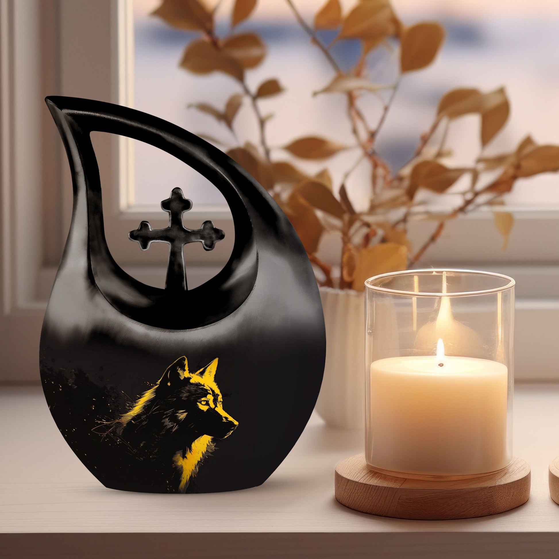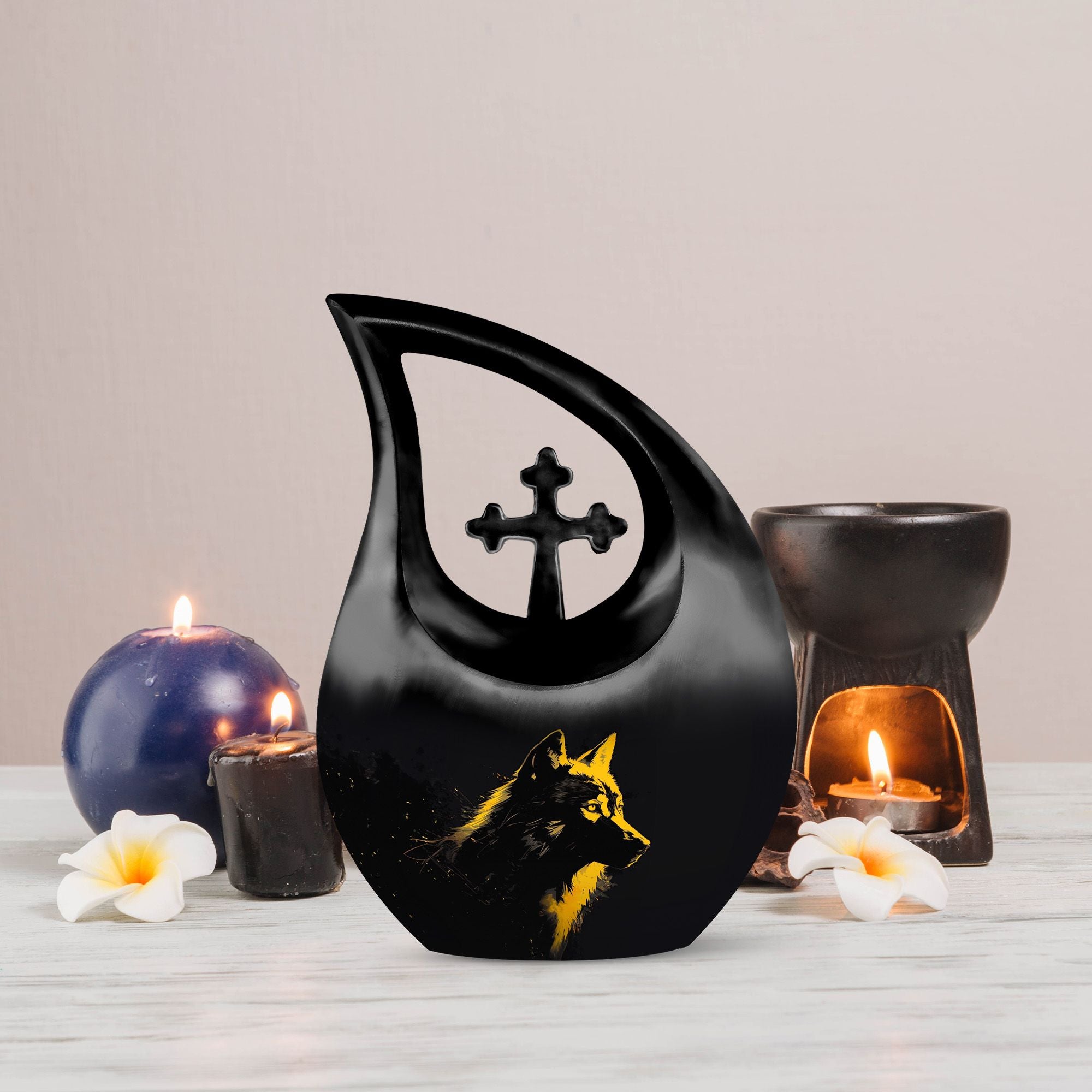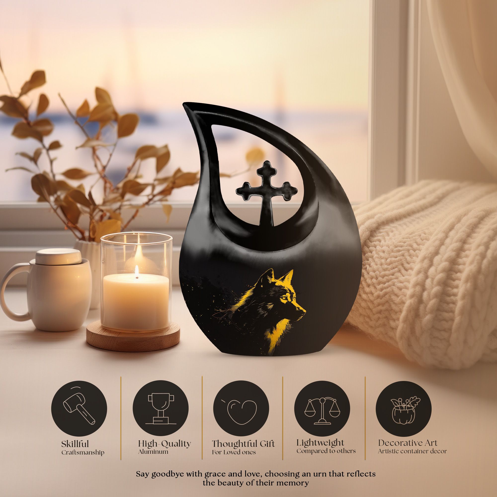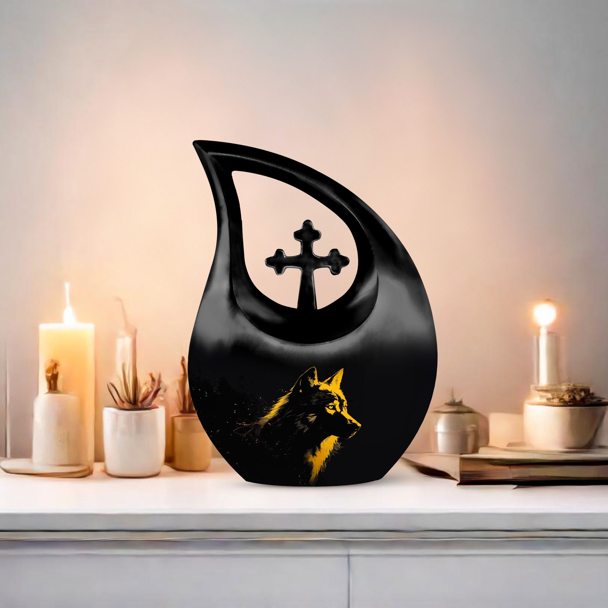 Embrace a timeless respect for loved ones lost with our Gold Nocturnal Aspect Urn. This beautifully rich and solemn piece measures a stately 10 inches in height with a capacity accommodating up to 200 cubic inches. This tranquility-evoking urn, ideal for adults and seniors, is crafted meticulously from robust aluminum. Its defining Cross Drop design establishes an enduring remembrance of the departed. The urn is just right in weight at 3.3 pounds, presenting no trouble for handling. Each purchase comes complete with a soft velvet pouch, assuring secure containment of your precious ashes. Our Gold Nocturnal Aspect Urn invites personal connection with a customizable engraving feature. Imprint the names of your dear departed and lend an individual touch to the exalted memorial. Cherish the memories uniquely with our Gold Nocturnal Aspect Urn - one of our smallest urns for mom, gracefully coupling function with aesthetic, perfect for peaceful remembrance. Being an essential in memorial ceremony supplies, this cremation urn for burial is more than just a vessel; it’s a tribute to love ever-lasting.
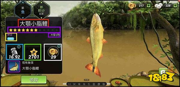 >绿色区域:数字2701,代表了你这条鱼的积分。积分越高,代表你钓起的这条鱼越特别!高积分的鱼,或许可以使你在鱼类排名的排行榜,或者不定期举办的锦标赛里拿下理想的名次,获得奖励噢!
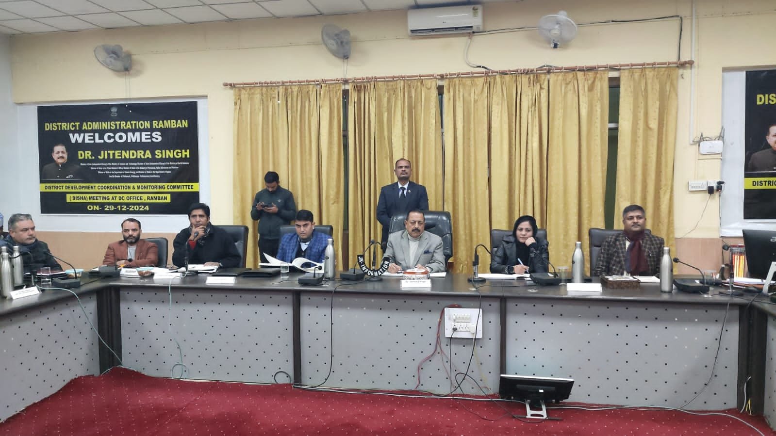 RAMBAN, TDD : Union Minister Dr Jitendra Singh chaired the District Development Coordination and Monitoring Committee Meeting (DISHA) here today in the office of Deputy Commissioner to review the status of ongoing projects and public welfare schemes. Speaking on the occasion,
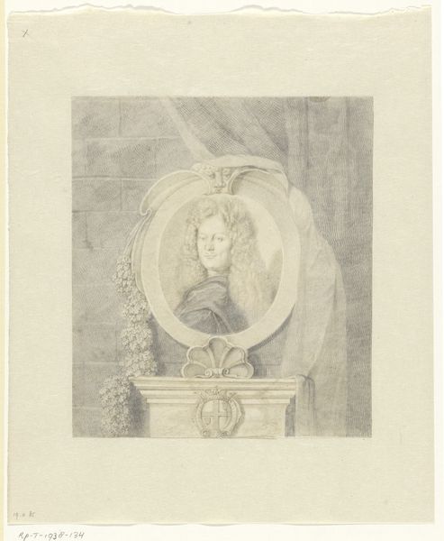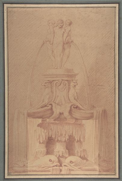 Curator: Let’s turn our attention to this engraving entitled "Vaasvormige Fontein," or Vase-Shaped Fountain, made between 1729 and 1737. It’s currently held here at the Rijksmuseum. The artist was Gabriel Huquier after F.D. Bouchardon. Editor: It immediately strikes me as a bit grotesque, in an almost charming way. The squatting figure at the top especially. It gives the piece an odd, animated feel despite the static medium. Curator: The baroque loved these dramatic contrasts. The figure you're referring to, perched atop the fountain, speaks to the era’s fascination with the mythical and the theatrical. Remember that prints like these allowed the latest fashions in garden design to circulate widely among the aristocracy. Editor: Yes, but that squatting figure looks like some ancient forest deity…or perhaps even a Silenus, a companion of Dionysus. There is a bestial quality about him with an implicit connection to primal forces. Water, fertility...life. What’s particularly interesting is the face contorted as though it is yelling to no avail! Curator: Interesting observation! Water features were vital demonstrations of wealth and technological prowess within the noble parks and gardens. Fountains signaled dominance over nature. The imagery often underscored the patron's power, echoing classical themes to legitimize their position. The 'Privilege du Roy', indicated on the engraving here, essentially provided the artist with copyright protection granted by the king. Editor: I'm drawn to the faces embedded in the fountain's base. Are those satyrs? Are they further expressions of this Dionysian energy, echoing through water, stone, and our peculiar forest figure? It’s as if the fountain itself is a living entity. It appears in a liminal state between organicism and classicism Curator: The artist employs hatching and cross-hatching to render texture, bringing depth to a static work and emphasizing its ornamental complexity. These weren't merely representations of sculptures; they were tools of aspiration and dissemination. It's the eighteenth-century version of an architectural digest! Editor: Yes. Seeing how symbols can carry meaning over such expanses of time always fascinates me! That sense of memory, distilled through such forms. Thank you. Curator: Indeed. Understanding these visual emblems grants us insights into a long and fascinating discourse concerning taste and social order.
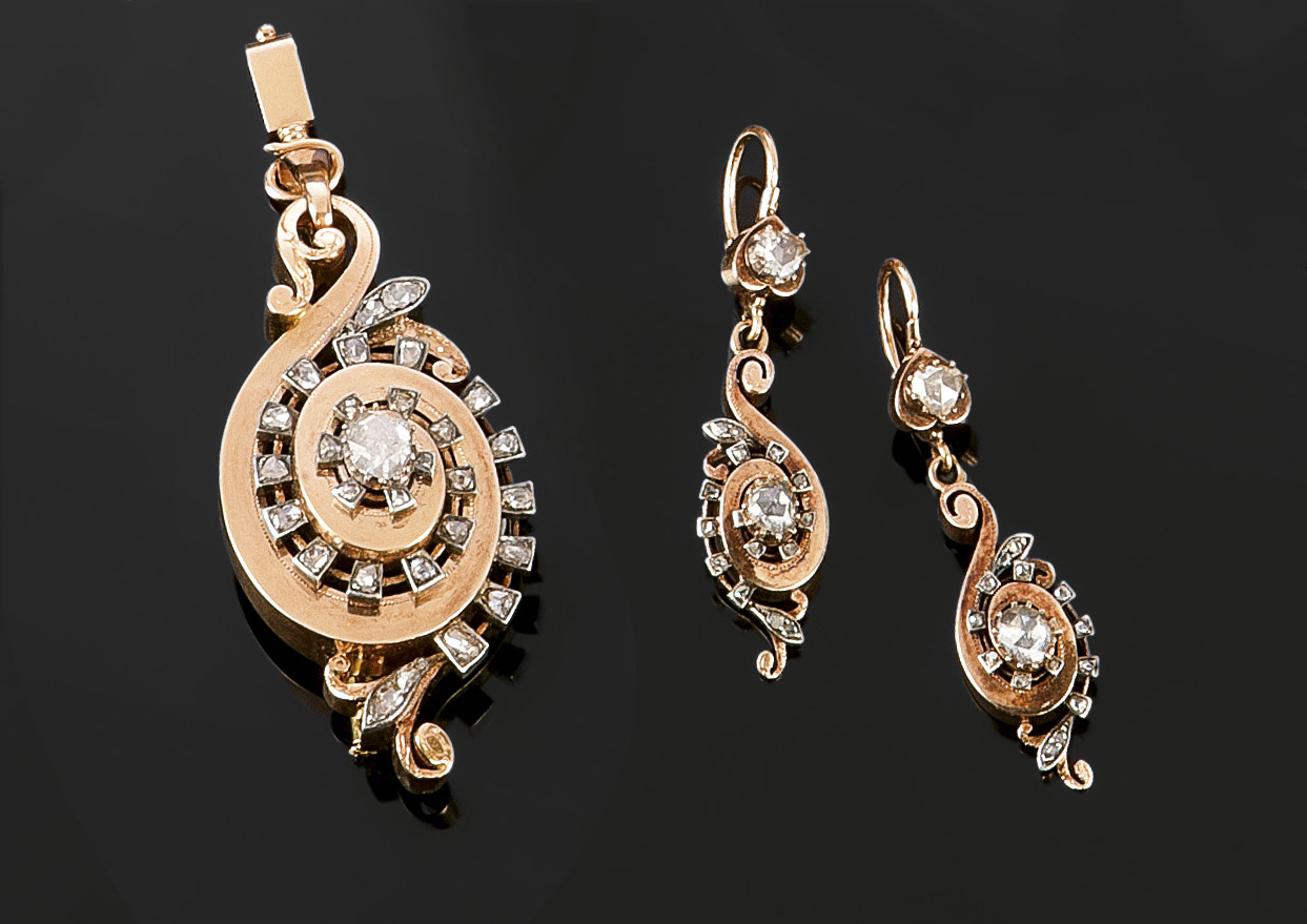 DEMI-PARURE Demi-parure, fine XIX secolo, in oro rosa e bianco, composta da una coppia di orecchini pendenti con diamanti taglio rosetta per complessivi ct 2,00 ca e da ciondolo con diamanti taglio rosetta per complessivi ct 1,80 ca Peso complessivo gr. 33,00
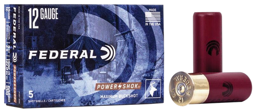 Federal Power-Shok Buckshot is a 12 gauge 2.75" magnum load containing 27 pellets of #4 buck shot, delivering 1325 fps muzzle velocity with a maximum dram equivalent. Designed for hunting medium game, these rounds feature a Triple Plus wad system and granulated plastic buffers to maintain uniform shot pellet shape and tighter patterns. Packaged in plastic cases with 5 rounds per box and 50 boxes per case.
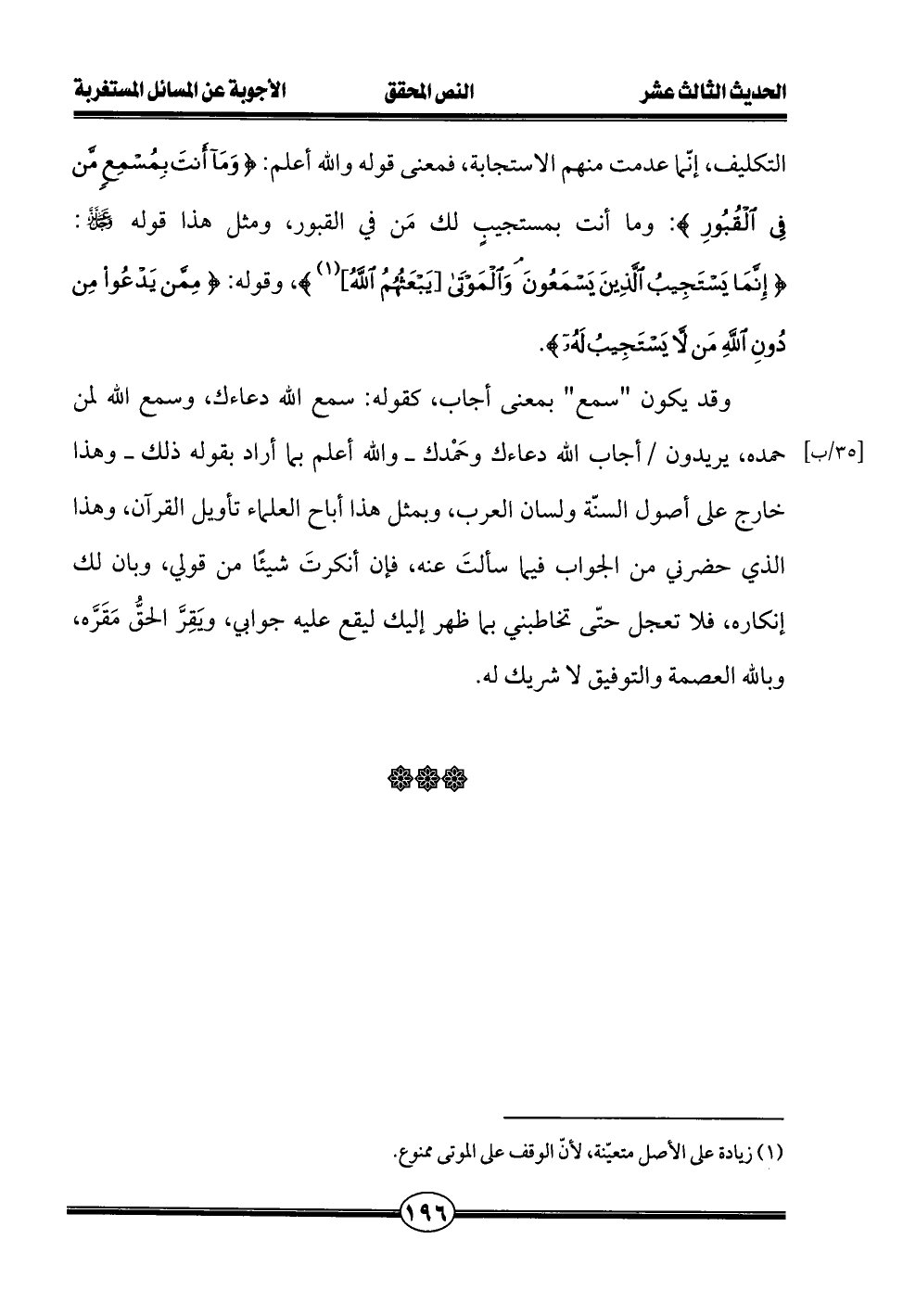 وقد يكون "سمع" بمعنى أجاب، كقوله: سمع الله دعاءك، وسمع الله لمن حمده، يريدون أجاب الله دعاءك وحَمْدك - والله أعلم بما أراد بقوله ذلك - وهذا خارج على أصول السنّة ولسان العرب، وبمثل هذا أباح العلماء تأويل القرآن، وهذا الذي حضرني من الجواب فيما سألتَ عنه، فإن أنكرتَ شيئًا من قولي، وبان لك إنكاره، فلا تعجل حتّى تخاطبني بما ظهر إليك ليقع عليه جوابي، ويَقِرَّ الحقُّ مَقَرَّه، وبالله العصمة والتوفيق لا شريك له.

EXERCISE DESCRIPTION: The answer must restate every entry word for word, with the pictures left out.

OUTPUT OF THE TASK:
 Embrace a timeless respect for loved ones lost with our Gold Nocturnal Aspect Urn. This beautifully rich and solemn piece measures a stately 10 inches in height with a capacity accommodating up to 200 cubic inches. This tranquility-evoking urn, ideal for adults and seniors, is crafted meticulously from robust aluminum. Its defining Cross Drop design establishes an enduring remembrance of the departed. The urn is just right in weight at 3.3 pounds, presenting no trouble for handling. Each purchase comes complete with a soft velvet pouch, assuring secure containment of your precious ashes. Our Gold Nocturnal Aspect Urn invites personal connection with a customizable engraving feature. Imprint the names of your dear departed and lend an individual touch to the exalted memorial. Cherish the memories uniquely with our Gold Nocturnal Aspect Urn - one of our smallest urns for mom, gracefully coupling function with aesthetic, perfect for peaceful remembrance. Being an essential in memorial ceremony supplies, this cremation urn for burial is more than just a vessel; it’s a tribute to love ever-lasting.
 >绿色区域:数字2701,代表了你这条鱼的积分。积分越高,代表你钓起的这条鱼越特别!高积分的鱼,或许可以使你在鱼类排名的排行榜,或者不定期举办的锦标赛里拿下理想的名次,获得奖励噢!
 RAMBAN, TDD : Union Minister Dr Jitendra Singh chaired the District Development Coordination and Monitoring Committee Meeting (DISHA) here today in the office of Deputy Commissioner to review the status of ongoing projects and public welfare schemes. Speaking on the occasion,
 Curator: Let’s turn our attention to this engraving entitled "Vaasvormige Fontein," or Vase-Shaped Fountain, made between 1729 and 1737. It’s currently held here at the Rijksmuseum. The artist was Gabriel Huquier after F.D. Bouchardon. Editor: It immediately strikes me as a bit grotesque, in an almost charming way. The squatting figure at the top especially. It gives the piece an odd, animated feel despite the static medium. Curator: The baroque loved these dramatic contrasts. The figure you're referring to, perched atop the fountain, speaks to the era’s fascination with the mythical and the theatrical. Remember that prints like these allowed the latest fashions in garden design to circulate widely among the aristocracy. Editor: Yes, but that squatting figure looks like some ancient forest deity…or perhaps even a Silenus, a companion of Dionysus. There is a bestial quality about him with an implicit connection to primal forces. Water, fertility...life. What’s particularly interesting is the face contorted as though it is yelling to no avail! Curator: Interesting observation! Water features were vital demonstrations of wealth and technological prowess within the noble parks and gardens. Fountains signaled dominance over nature. The imagery often underscored the patron's power, echoing classical themes to legitimize their position. The 'Privilege du Roy', indicated on the engraving here, essentially provided the artist with copyright protection granted by the king. Editor: I'm drawn to the faces embedded in the fountain's base. Are those satyrs? Are they further expressions of this Dionysian energy, echoing through water, stone, and our peculiar forest figure? It’s as if the fountain itself is a living entity. It appears in a liminal state between organicism and classicism Curator: The artist employs hatching and cross-hatching to render texture, bringing depth to a static work and emphasizing its ornamental complexity. These weren't merely representations of sculptures; they were tools of aspiration and dissemination. It's the eighteenth-century version of an architectural digest! Editor: Yes. Seeing how symbols can carry meaning over such expanses of time always fascinates me! That sense of memory, distilled through such forms. Thank you. Curator: Indeed. Understanding these visual emblems grants us insights into a long and fascinating discourse concerning taste and social order.
 DEMI-PARURE Demi-parure, fine XIX secolo, in oro rosa e bianco, composta da una coppia di orecchini pendenti con diamanti taglio rosetta per complessivi ct 2,00 ca e da ciondolo con diamanti taglio rosetta per complessivi ct 1,80 ca Peso complessivo gr. 33,00
 Federal Power-Shok Buckshot is a 12 gauge 2.75" magnum load containing 27 pellets of #4 buck shot, delivering 1325 fps muzzle velocity with a maximum dram equivalent. Designed for hunting medium game, these rounds feature a Triple Plus wad system and granulated plastic buffers to maintain uniform shot pellet shape and tighter patterns. Packaged in plastic cases with 5 rounds per box and 50 boxes per case.
 وقد يكون "سمع" بمعنى أجاب، كقوله: سمع الله دعاءك، وسمع الله لمن حمده، يريدون أجاب الله دعاءك وحَمْدك - والله أعلم بما أراد بقوله ذلك - وهذا خارج على أصول السنّة ولسان العرب، وبمثل هذا أباح العلماء تأويل القرآن، وهذا الذي حضرني من الجواب فيما سألتَ عنه، فإن أنكرتَ شيئًا من قولي، وبان لك إنكاره، فلا تعجل حتّى تخاطبني بما ظهر إليك ليقع عليه جوابي، ويَقِرَّ الحقُّ مَقَرَّه، وبالله العصمة والتوفيق لا شريك له.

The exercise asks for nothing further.